The songs are meditative and impressionistic, sometimes outright non-narrative. “Within You” and “Stardust Scattering” evoke both the expanded mind of Revolver-era Beatles (“Merrily life is but a dream/Consciousness directs the stream,” she sings in the chorus of the latter) and the zen revelations of Leonard Cohen (“There’s a flow to everything,” she sings in its very next line).
More often, June is speaking to and working in the spiritual and sonic lineage of predecessors like Sister Rosetta Tharpe, guitarist Jessie Mae Hemphill, and soul legend Carla Thomas, the latter of whom makes a rare cameo during “Call me A Fool.” That song is the album’s most Stax-indebted throwback moment, and one of seven tracks that underscores the record’s secret weapon: renowned Memphis instrumentalist Lester Snell, who provides ornate string arrangements.
June writes in a moving, mysterious second person, and the “you” she addresses often feels like it could be referring to any number of things, often at the same time: June herself, a lover-turned-companion, a higher sense of divinity. Even as the singer-songwriter explores the landscape of her own spirituality, one of the album’s primary throughlines, she refuses to define it strictly. “Some call it prayer,” she sings on the concluding lullaby “Home Inside,” “I’d be a fool to let it have a name.”
The Moon and Stars ultimately feels like a record about perseverance, survival and acceptance, about turning one’s gaze from scars to nighttime stars. “Count my wrongs and multiply them,” she sings in the ethereal ballad “Colors,” “by the rights to justify what I feel inside.” Later on, on the breezy “Smile,” she transforms a classic pop refrain (“I’ll make it through”) into a moving mantra.

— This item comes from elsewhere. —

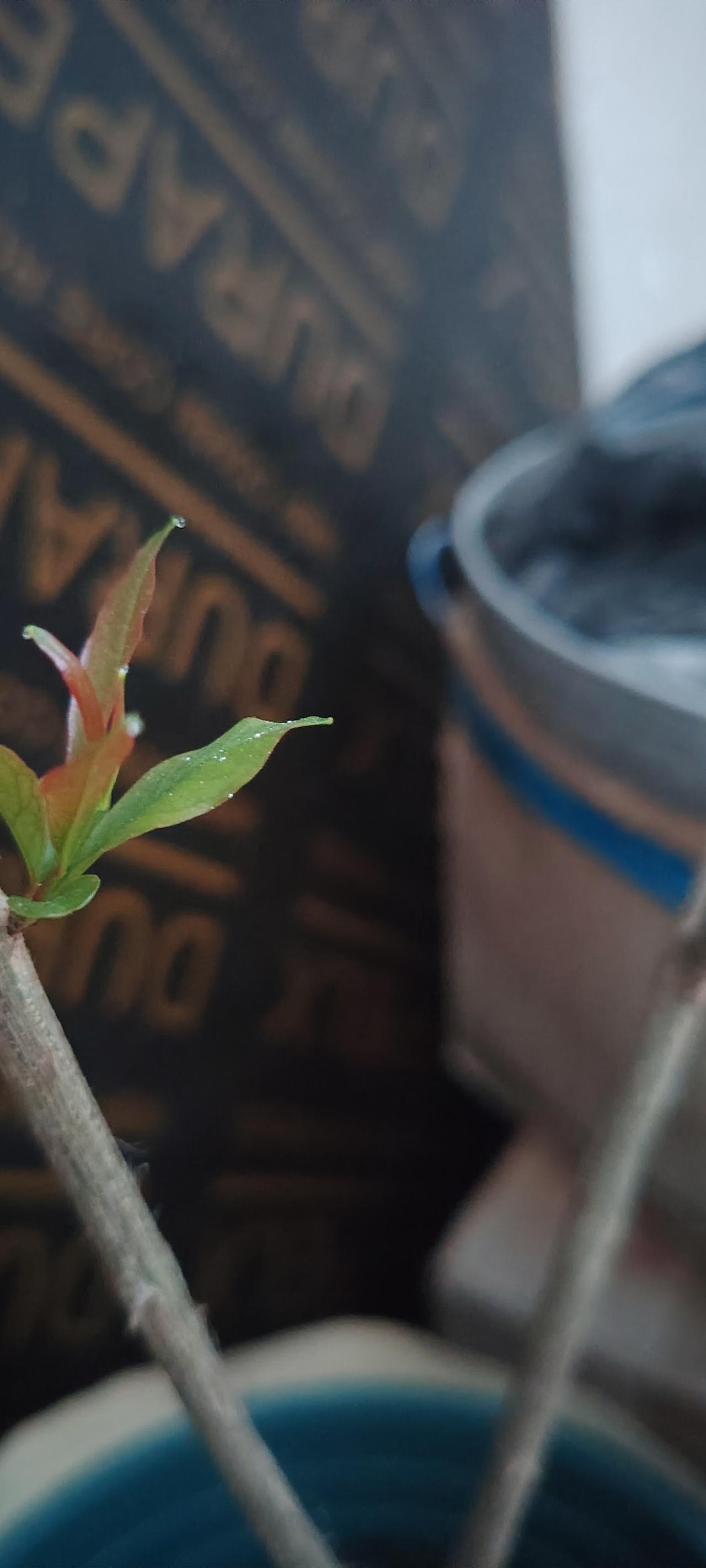 今天又长见识了:石榴泌蜜。前几天发现石榴叶尖有晶莹剔透的小水珠,还以为是哪个给石榴苗浇水了。今天我一直在家,没任何人给石榴浇水,而且中午时分石榴叶还蔫了,明显缺水状态,就搬进屋里,等到傍晚浇水。傍晚6点移出石榴,发现它的几片新叶上有针尖大的水珠,肯定不是露珠。我还在发痴:难道树苗在哭泣求救吗?恍惚之下,想到豆包,豆包告诉我:这叫石榴泌蜜,正常现象,可保留,利于吸引益虫,新叶期常见。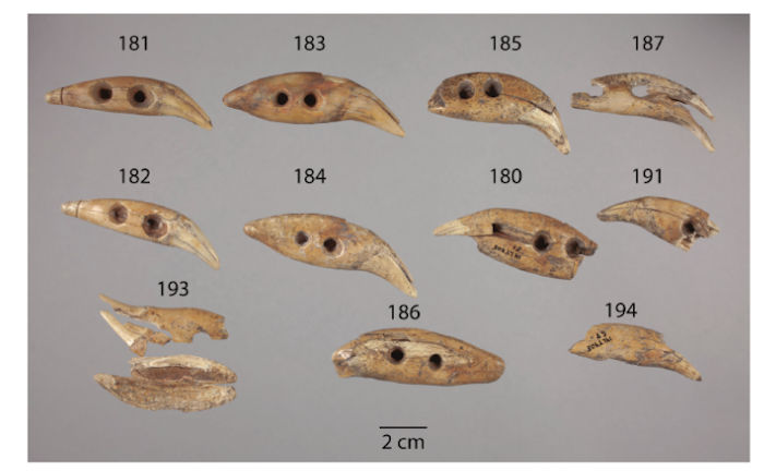 “This type of drilling would allow these teeth to be strung together by feeding a cord into one hole and out the other” leaving “an unblemished surface facing outward,” Hoard noted in his study.

Then there’s “Why The Bright Stars Glow,” the album’s penultimate proper track, and its shimmering centerpiece. The warm piano ballad is a portrait in grace and hard-won contentment, with June reflecting on the long road that’s led her to this point over Snell’s swelling strings and June and Splash’s gentle drum loops. Where has her astral-plane journey led her? June only needs four words to answer such a heavy question: “Dancing in the sun.”